Give back every entry below, exactly as written.

[Start of section]

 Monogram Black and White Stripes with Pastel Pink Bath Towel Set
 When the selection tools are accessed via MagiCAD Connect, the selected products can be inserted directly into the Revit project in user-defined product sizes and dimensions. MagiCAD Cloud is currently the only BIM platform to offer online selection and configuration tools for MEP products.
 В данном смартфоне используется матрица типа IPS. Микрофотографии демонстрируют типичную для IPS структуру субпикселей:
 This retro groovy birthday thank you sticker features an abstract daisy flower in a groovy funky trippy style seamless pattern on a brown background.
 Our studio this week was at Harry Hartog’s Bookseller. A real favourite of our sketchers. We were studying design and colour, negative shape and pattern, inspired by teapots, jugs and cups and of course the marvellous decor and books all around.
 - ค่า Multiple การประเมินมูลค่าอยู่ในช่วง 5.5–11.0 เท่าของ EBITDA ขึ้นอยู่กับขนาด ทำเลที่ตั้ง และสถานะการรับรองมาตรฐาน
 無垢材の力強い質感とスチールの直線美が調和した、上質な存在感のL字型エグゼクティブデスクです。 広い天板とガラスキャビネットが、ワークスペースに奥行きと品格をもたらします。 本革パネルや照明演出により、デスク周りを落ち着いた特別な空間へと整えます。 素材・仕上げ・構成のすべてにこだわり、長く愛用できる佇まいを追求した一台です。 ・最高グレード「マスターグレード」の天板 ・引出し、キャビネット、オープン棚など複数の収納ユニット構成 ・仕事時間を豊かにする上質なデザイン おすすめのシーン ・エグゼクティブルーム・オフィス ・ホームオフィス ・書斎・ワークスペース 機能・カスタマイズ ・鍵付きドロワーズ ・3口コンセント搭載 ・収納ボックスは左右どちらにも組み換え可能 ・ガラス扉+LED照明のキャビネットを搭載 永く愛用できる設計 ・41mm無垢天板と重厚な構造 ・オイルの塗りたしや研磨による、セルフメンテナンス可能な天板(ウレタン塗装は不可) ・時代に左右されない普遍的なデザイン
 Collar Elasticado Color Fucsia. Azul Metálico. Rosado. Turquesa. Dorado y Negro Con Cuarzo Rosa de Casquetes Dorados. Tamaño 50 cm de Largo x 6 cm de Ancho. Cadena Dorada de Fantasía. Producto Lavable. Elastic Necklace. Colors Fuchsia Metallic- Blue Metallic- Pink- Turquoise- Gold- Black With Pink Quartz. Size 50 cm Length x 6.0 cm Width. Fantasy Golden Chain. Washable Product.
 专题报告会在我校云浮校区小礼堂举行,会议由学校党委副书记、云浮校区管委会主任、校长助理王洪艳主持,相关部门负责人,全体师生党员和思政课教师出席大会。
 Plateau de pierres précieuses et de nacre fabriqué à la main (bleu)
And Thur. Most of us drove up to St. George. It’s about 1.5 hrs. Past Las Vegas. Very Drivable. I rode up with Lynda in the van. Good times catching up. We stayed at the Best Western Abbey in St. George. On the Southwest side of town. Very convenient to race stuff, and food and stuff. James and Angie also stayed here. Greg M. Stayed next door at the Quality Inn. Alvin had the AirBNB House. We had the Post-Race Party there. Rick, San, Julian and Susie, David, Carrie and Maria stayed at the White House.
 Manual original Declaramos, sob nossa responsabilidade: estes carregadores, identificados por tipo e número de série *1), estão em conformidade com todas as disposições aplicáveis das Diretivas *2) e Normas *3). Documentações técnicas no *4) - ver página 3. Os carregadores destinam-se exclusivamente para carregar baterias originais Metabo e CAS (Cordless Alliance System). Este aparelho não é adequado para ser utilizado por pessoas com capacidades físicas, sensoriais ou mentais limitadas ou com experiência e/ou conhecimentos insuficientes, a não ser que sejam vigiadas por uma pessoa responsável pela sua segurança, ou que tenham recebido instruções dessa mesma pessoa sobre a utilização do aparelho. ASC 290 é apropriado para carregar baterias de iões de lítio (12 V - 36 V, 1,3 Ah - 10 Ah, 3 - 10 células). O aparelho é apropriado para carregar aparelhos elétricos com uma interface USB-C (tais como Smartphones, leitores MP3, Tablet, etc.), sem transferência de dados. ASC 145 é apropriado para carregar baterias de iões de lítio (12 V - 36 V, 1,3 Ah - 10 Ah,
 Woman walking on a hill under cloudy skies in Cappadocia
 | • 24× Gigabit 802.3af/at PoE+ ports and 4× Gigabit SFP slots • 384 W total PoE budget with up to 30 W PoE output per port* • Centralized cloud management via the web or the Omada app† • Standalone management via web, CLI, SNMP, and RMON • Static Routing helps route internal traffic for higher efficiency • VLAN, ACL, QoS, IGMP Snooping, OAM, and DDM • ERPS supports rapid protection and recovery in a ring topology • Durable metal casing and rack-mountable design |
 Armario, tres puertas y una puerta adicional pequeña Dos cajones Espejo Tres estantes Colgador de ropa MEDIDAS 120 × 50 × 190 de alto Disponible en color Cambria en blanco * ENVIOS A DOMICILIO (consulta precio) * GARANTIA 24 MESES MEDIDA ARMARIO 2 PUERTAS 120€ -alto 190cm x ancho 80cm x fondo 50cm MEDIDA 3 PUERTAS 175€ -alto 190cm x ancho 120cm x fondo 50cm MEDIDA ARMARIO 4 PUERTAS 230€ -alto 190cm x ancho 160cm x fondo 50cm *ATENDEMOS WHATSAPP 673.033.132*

[End of section]

### Answer to this exercise
 Monogram Black and White Stripes with Pastel Pink Bath Towel Set
 When the selection tools are accessed via MagiCAD Connect, the selected products can be inserted directly into the Revit project in user-defined product sizes and dimensions. MagiCAD Cloud is currently the only BIM platform to offer online selection and configuration tools for MEP products.
 В данном смартфоне используется матрица типа IPS. Микрофотографии демонстрируют типичную для IPS структуру субпикселей:
 This retro groovy birthday thank you sticker features an abstract daisy flower in a groovy funky trippy style seamless pattern on a brown background.
 Our studio this week was at Harry Hartog’s Bookseller. A real favourite of our sketchers. We were studying design and colour, negative shape and pattern, inspired by teapots, jugs and cups and of course the marvellous decor and books all around.
 - ค่า Multiple การประเมินมูลค่าอยู่ในช่วง 5.5–11.0 เท่าของ EBITDA ขึ้นอยู่กับขนาด ทำเลที่ตั้ง และสถานะการรับรองมาตรฐาน
 無垢材の力強い質感とスチールの直線美が調和した、上質な存在感のL字型エグゼクティブデスクです。 広い天板とガラスキャビネットが、ワークスペースに奥行きと品格をもたらします。 本革パネルや照明演出により、デスク周りを落ち着いた特別な空間へと整えます。 素材・仕上げ・構成のすべてにこだわり、長く愛用できる佇まいを追求した一台です。 ・最高グレード「マスターグレード」の天板 ・引出し、キャビネット、オープン棚など複数の収納ユニット構成 ・仕事時間を豊かにする上質なデザイン おすすめのシーン ・エグゼクティブルーム・オフィス ・ホームオフィス ・書斎・ワークスペース 機能・カスタマイズ ・鍵付きドロワーズ ・3口コンセント搭載 ・収納ボックスは左右どちらにも組み換え可能 ・ガラス扉+LED照明のキャビネットを搭載 永く愛用できる設計 ・41mm無垢天板と重厚な構造 ・オイルの塗りたしや研磨による、セルフメンテナンス可能な天板(ウレタン塗装は不可) ・時代に左右されない普遍的なデザイン
 Collar Elasticado Color Fucsia. Azul Metálico. Rosado. Turquesa. Dorado y Negro Con Cuarzo Rosa de Casquetes Dorados. Tamaño 50 cm de Largo x 6 cm de Ancho. Cadena Dorada de Fantasía. Producto Lavable. Elastic Necklace. Colors Fuchsia Metallic- Blue Metallic- Pink- Turquoise- Gold- Black With Pink Quartz. Size 50 cm Length x 6.0 cm Width. Fantasy Golden Chain. Washable Product.
 专题报告会在我校云浮校区小礼堂举行,会议由学校党委副书记、云浮校区管委会主任、校长助理王洪艳主持,相关部门负责人,全体师生党员和思政课教师出席大会。
 Plateau de pierres précieuses et de nacre fabriqué à la main (bleu)
And Thur. Most of us drove up to St. George. It’s about 1.5 hrs. Past Las Vegas. Very Drivable. I rode up with Lynda in the van. Good times catching up. We stayed at the Best Western Abbey in St. George. On the Southwest side of town. Very convenient to race stuff, and food and stuff. James and Angie also stayed here. Greg M. Stayed next door at the Quality Inn. Alvin had the AirBNB House. We had the Post-Race Party there. Rick, San, Julian and Susie, David, Carrie and Maria stayed at the White House.
 Manual original Declaramos, sob nossa responsabilidade: estes carregadores, identificados por tipo e número de série *1), estão em conformidade com todas as disposições aplicáveis das Diretivas *2) e Normas *3). Documentações técnicas no *4) - ver página 3. Os carregadores destinam-se exclusivamente para carregar baterias originais Metabo e CAS (Cordless Alliance System). Este aparelho não é adequado para ser utilizado por pessoas com capacidades físicas, sensoriais ou mentais limitadas ou com experiência e/ou conhecimentos insuficientes, a não ser que sejam vigiadas por uma pessoa responsável pela sua segurança, ou que tenham recebido instruções dessa mesma pessoa sobre a utilização do aparelho. ASC 290 é apropriado para carregar baterias de iões de lítio (12 V - 36 V, 1,3 Ah - 10 Ah, 3 - 10 células). O aparelho é apropriado para carregar aparelhos elétricos com uma interface USB-C (tais como Smartphones, leitores MP3, Tablet, etc.), sem transferência de dados. ASC 145 é apropriado para carregar baterias de iões de lítio (12 V - 36 V, 1,3 Ah - 10 Ah,
 Woman walking on a hill under cloudy skies in Cappadocia
 | • 24× Gigabit 802.3af/at PoE+ ports and 4× Gigabit SFP slots • 384 W total PoE budget with up to 30 W PoE output per port* • Centralized cloud management via the web or the Omada app† • Standalone management via web, CLI, SNMP, and RMON • Static Routing helps route internal traffic for higher efficiency • VLAN, ACL, QoS, IGMP Snooping, OAM, and DDM • ERPS supports rapid protection and recovery in a ring topology • Durable metal casing and rack-mountable design |
 Armario, tres puertas y una puerta adicional pequeña Dos cajones Espejo Tres estantes Colgador de ropa MEDIDAS 120 × 50 × 190 de alto Disponible en color Cambria en blanco * ENVIOS A DOMICILIO (consulta precio) * GARANTIA 24 MESES MEDIDA ARMARIO 2 PUERTAS 120€ -alto 190cm x ancho 80cm x fondo 50cm MEDIDA 3 PUERTAS 175€ -alto 190cm x ancho 120cm x fondo 50cm MEDIDA ARMARIO 4 PUERTAS 230€ -alto 190cm x ancho 160cm x fondo 50cm *ATENDEMOS WHATSAPP 673.033.132*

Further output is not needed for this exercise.